The VXCO output drives a buffer (hex 74AC14 Schmitt) in the same package as the buffers that are driven by the FPGA phase detector which in turn drive the VCXO control voltage. The common buffer package is the culprit, the faster edge transitions of the new FPGA phase detector are coupling through the common buffer package (ground bounce from bond wire inductance maybe?) into the VCXO output. This coherent feedback is pulling the oscillator frequency causing it to chase it''s own tail.
The easy solution is to remove the VCXO output buffer, not really needed in this application. With the unwanted coupling eliminated the circuit now works as intended even with a thick coating of frost on the FPGA.
Mixing analog oscillators with digital can result in some very strange effects. When your phase locked loop won''t, check for sneak digital noise couplings.
Thanks again Rick for this timely article.
Glen Chenier - 2009-28-4 00:19:00 PDT -
Continuation of previous truncated post...

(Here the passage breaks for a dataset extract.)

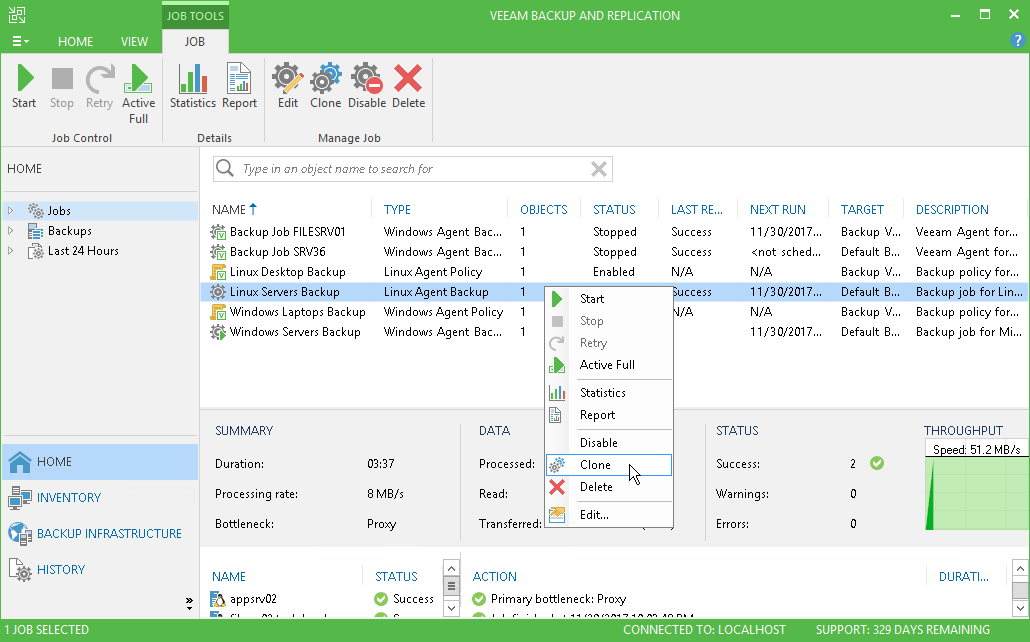 You can clone Veeam Agent backup jobs configured in Veeam Backup & Replication. For example, you may want to configure a Veeam Agent backup job that will be used as a ‘job template’, and use this job to create multiple jobs with similar settings.

...This article has just reminded me of the power noise problem; it is possible that the newer and faster FPGA may be increasing the power supply noise level with shoot-through current spikes stronger than that of the older slower FPGA. So first thing Monday morning I am going to pull the VCXO and insert a choke/capacitor into it's Vdd supply as a rough test.
Mr. Rabinovich, thank you for this article.
Glen Chenier - 2009-18-4 20:21:00 PDT -
Why is this article not in the 19Mar09 print or online editions of EDN?
Mr. Rabinovich describes a hardware ''gotcha'' that no simulator can predict. The oscillator of a PLL can be very sensitive to noise riding on the power rail, especially if that noise is coherent, ie digital noise caused by the oscillator itself.
I''ve run into this very problem prior to now. A master PLL that sources timing to a slave unit at the far end of a communications cable will see a delayed version of itself in the digital power supply noise resulting from the returned signal of the slave unit. The delay results from the cable length, and the supply noise reflects the oscillator phase as it was hundreds of cycles in the past. When the oscillator gets pulled by it''s own delayed digital noise it tries to lock to that noise and fights the local loop control. The result is a PLL that jitters terribly as it tries to chase it''s own tail.
I am currently fighting with a PLL that goes insane when the FPGA containing the phase detector is cooled to about +10C. We are attempting to migrate to a new FPGA (faster silicon, same functional load) to maintain production on an existing circuit board, the original FPGA is no longer manufactured. All our tests so far indicate that the FPGA itself is functioning properly. This article has just reminded me of the power noise problem
Glen Chenier - 2009-18-4 17:27:00 PDT